The president of a small industry has been complaining to the controller about raising labor also material costs.
Which of explanatory variables in regression are statistically significant, Elucidate. How much of total variation in pie sales does regression model elucidate.
Average cost of producing 70 pies in batches of ten is $5.00 per pie and the average cost of producing 80 pies in batches of ten is $4.50 per pie. Elucidate the marginal cost of the 8th batch of pies.
If buyers pay $8 per unit to the intermediary but sellers offer to rebate part of that expense to buyers.
Illustrate what is the industry's profit maximizing output level. Is the organization in long-run equilibrium.
Give an example of how nations can benefit from trade on the basis of comparative advantage. Explain how both parties can share in the gains from trade.
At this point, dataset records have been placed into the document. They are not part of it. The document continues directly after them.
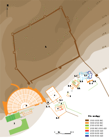 In c. 290 BCE, King Pyrrhus made Dodona the religious capital of his domain and beautified it by implementing a series of construction projects (i.e. grandly rebuilt the Temple of Zeus, developed many other buildings, added a festival featuring athletic games, musical contests, and drama enacted in a theatre).[17] A wall was built around the oracle itself and the holy tree, as well as temples to Dione and Heracles.
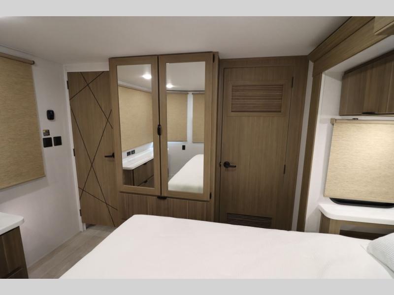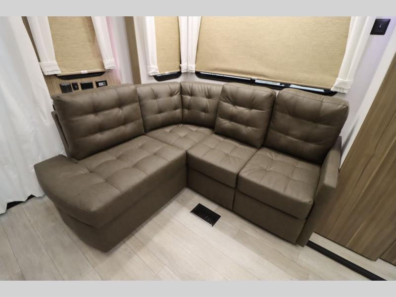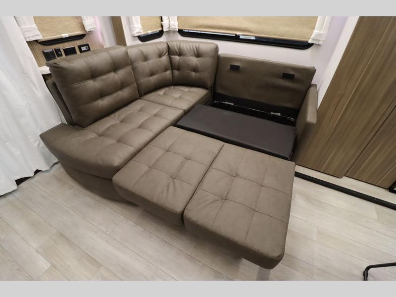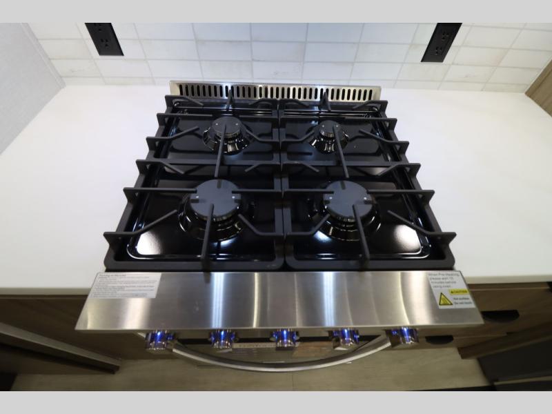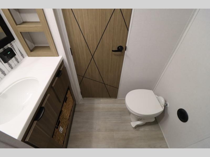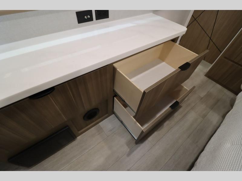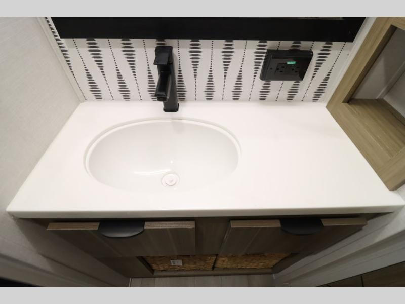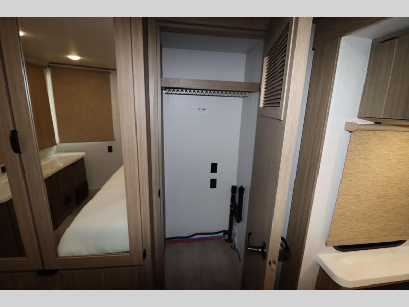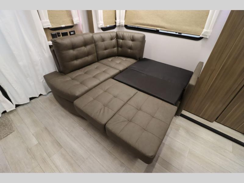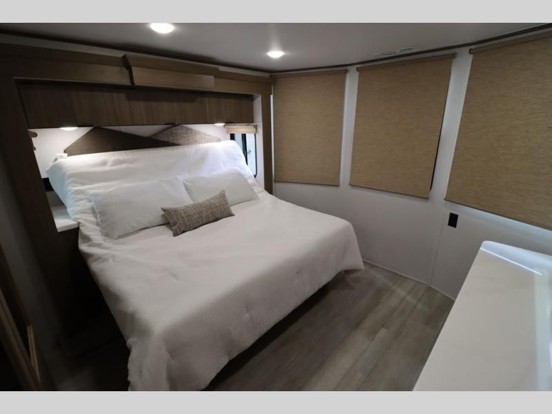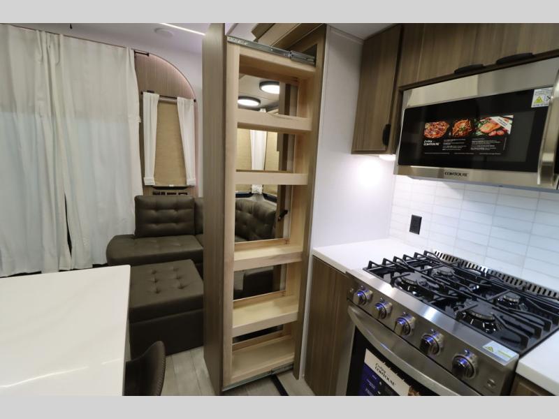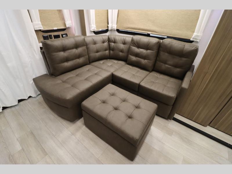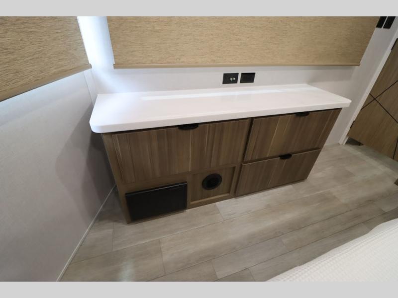 One look at this destination trailer and you'll be sold! The rear porch/veranda includes an outdoor kitchen with a cooktop and sink plus a ceiling fan so you can sit out back and visit with friends. The L-shaped sofa with an ottoman inside will provide cozy seating space, especially with the fireplace right across the room. Your crew can dine at the kitchen island with four chairs, and there is a large pantry where snacks can be kept for game night. When it's time to call it a night, the front private bedroom with a Versa-Tilt custom king bed is sure to bring comfort, and there is a dresser and wardrobe for your things. A third wardrobe includes washer and dryer prep if you choose to add those appliances. Any guests that aren't sleeping on the sofa can sleep in the loft with a queen bed, large front cabinet with shelves, and an additional cabinet for storage. You will also find a table with space below for your feet, so the kids can color, eat, and play games!
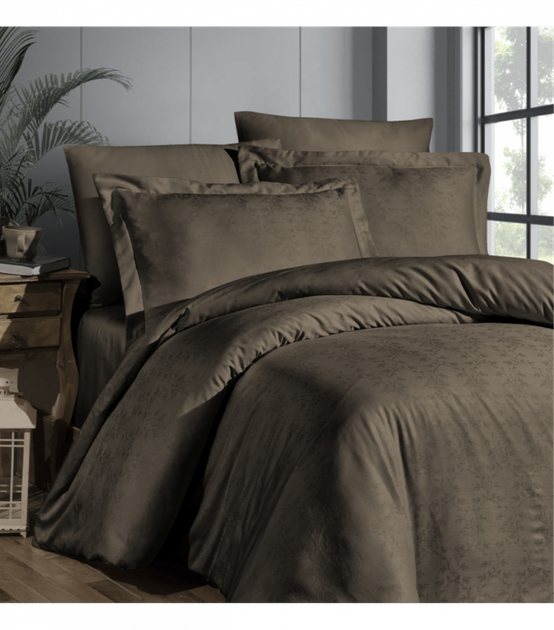 Комплект постільної білизни Jacquard Satin Dark Series First Choice - First Choice - JS-216 AMORE BROWN - Євро - Коричневий
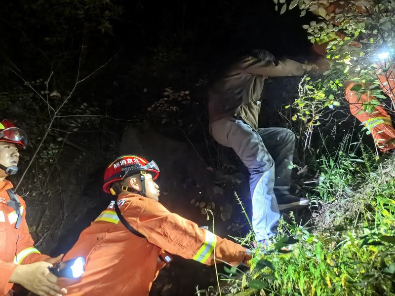 10月3日清晨7點(diǎn),天剛蒙蒙亮,第一救援組的隊(duì)員們?cè)俅渭Y(jié)前往現(xiàn)場(chǎng),途中遇到了迷失的老人。這四名老人最小的69歲,最大的74歲,原本沿著景區(qū)步道攀爬長(zhǎng)城的他們,見(jiàn)到旁邊的野山也很漂亮,便臨時(shí)起意踏出了景區(qū)護(hù)欄,想“近距離看看秋景”??蓻](méi)走多久,山路就變得崎嶇難辨,等天色徹底暗下來(lái),他們連來(lái)時(shí)的方向都找不到了。萬(wàn)幸的是,老人們身體沒(méi)有受傷情況。最終救援人員安全地將四位老人護(hù)送至山下。

If an economy experiences increasing prospect costs with respect to two goods, then the production-possibilities curve between the two goods will be.
Suppose she is offered a new job that would pay her $15,000 and would bring her earnings high enough so that she no longer qualified for any welfare benefits.
Describe each country's reaction function. Does a Cournot equilibrium exist? If so, find the outputs and prices of crude oil in the two countries.
Elucidate how on your diagram also calculate the profit maximizing output also price. Calculate the consumer surplus at the profit maximizing price also quantity.
which in this case is lagged second difference. Note that it remains below zero after stock market crash of 1987. You can also do same thing for or variables. Are they fairly consistently away from zero. If so, can you design a rule to make money.